Are you currently in love?
I’m always in love.  I can’t help it.

If so, with who?
Mostly Scott, with a little Jack Bauer, Eddie Izzard, and Willy Wonka (Depp style) thrown in.  There are still faint traces of Mr. Spock and Will from the original Lost in Space series.  Oh, and Steve Buscemi.

When was the last time you were in love?
~Constantly.~

How long does it take you to fall in love?
I don’t think I’ve ever not been in love in some way or another, although I’ve always had an odd way of showing it, as per my Mark Shell post.

How many times have you really been in love?
Scott is the only real person I’ve ever felt super glued to.

Do you think there were times you thought you were in love when you weren’t?
It’s actually reversed with me.  I usually have no idea I’m in love when I really am.  It takes me a few weeks or months (sometimes years) to process feelings and impressions.  It’s the aspie way.
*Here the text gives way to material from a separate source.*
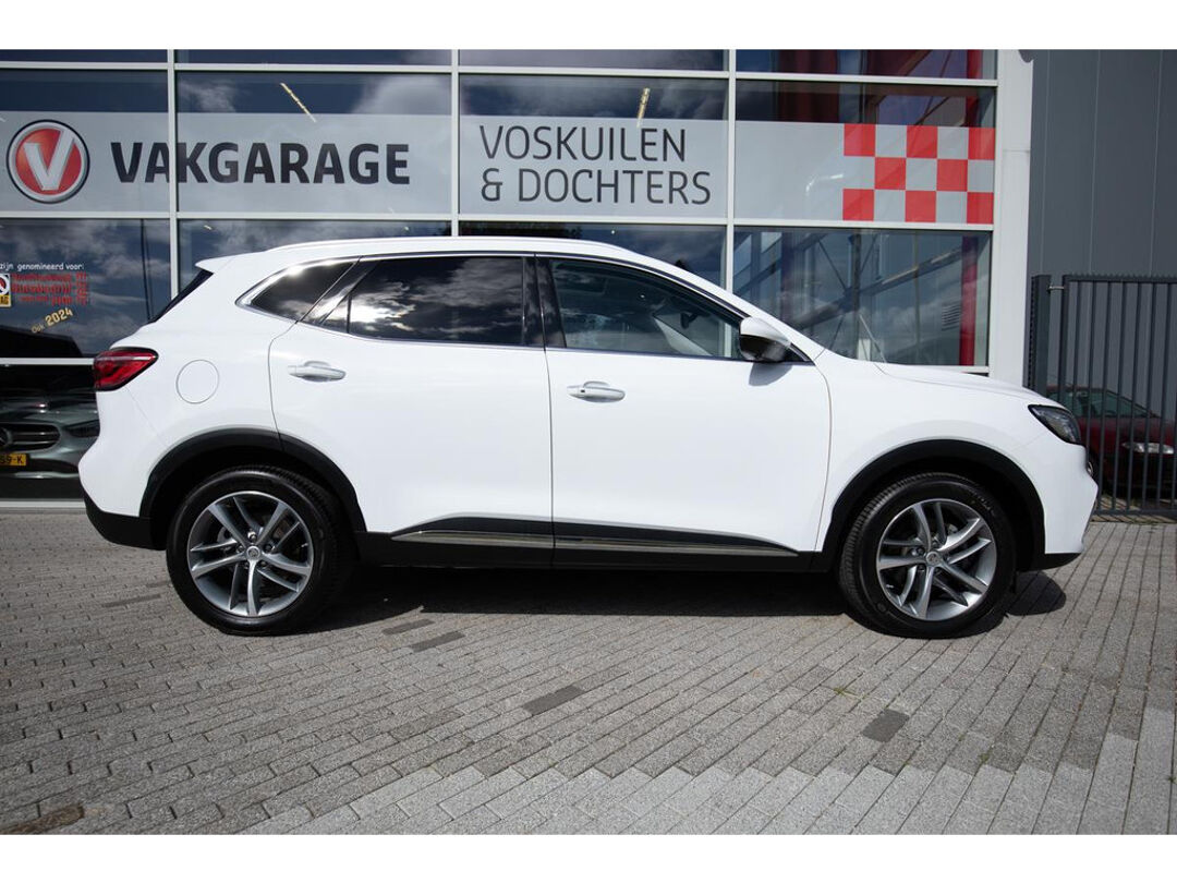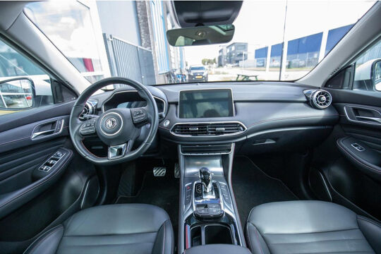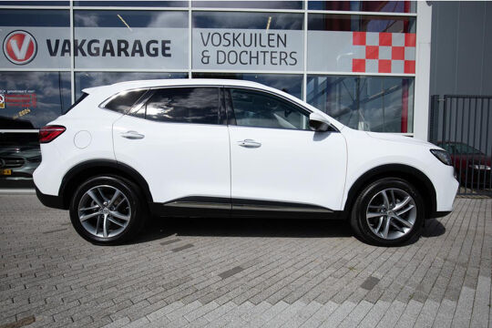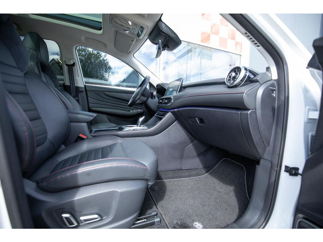 The MG EHS Plug-in Hybrid is the perfect combination of luxury, efficiency, and versatility. This stylish SUV offers performance and luxury comparable to the Jaguar E-Pace and Mazda CX5 and features a full leather interior, ensuring a refined and comfortable driving experience. The panoramic roof allows you to enjoy a wonderful amount of natural light and gives the vehicle a spacious feel. Thanks to its plug-in hybrid technology, you can drive extremely economically, with a specified electric range of 52 kilometers. This makes the MG EHS ideal for both short and long journeys, and you can easily charge the car with your own solar panels.

How fast do you tell a significant other that you love them?
Sounds like the survey maker goes through ‘significant others’ fast enough to have to wonder this stuff.

How often do you tell your parents you love them?
Not every time we speak.

How often do you tell your bf or gf?
Occasionally.  If I say it too often, Scott can tell I’m feeling needy and pouty.

Do you tell your friends?
I used to.  Friends are a funny thing.  They come and go, and they usually want something from me, even if it’s only validation and attention.  Once they get what they want, or they find it better someplace else, or they simply get tired of me, they move on.

Have you ever said I love you and not meant it?
This should go in the **lies** section.  Of course I have.  You learn to do that during holidays with in-laws and distant relatives you barely ever see.

Have you ever said I love you but I’m not in love with you?
No.  I’m not one of ‘those’ people who unconsciously set up the head games in the first place that lead to having to do that.

Are you a slave to love?
Never.

Do you love yourself?
I’m totally fine with myself.  I’m not narcissistic, but when *I* die, I’m not going to nag God about the body he put me in.  And since I’m honest with myself, I have no angst about me to feel the need to escape.

What is the best thing about love?
It inspires me to be a better person for the people I love.  Otherwise I’d probably be a hermit in a cave eating bugs.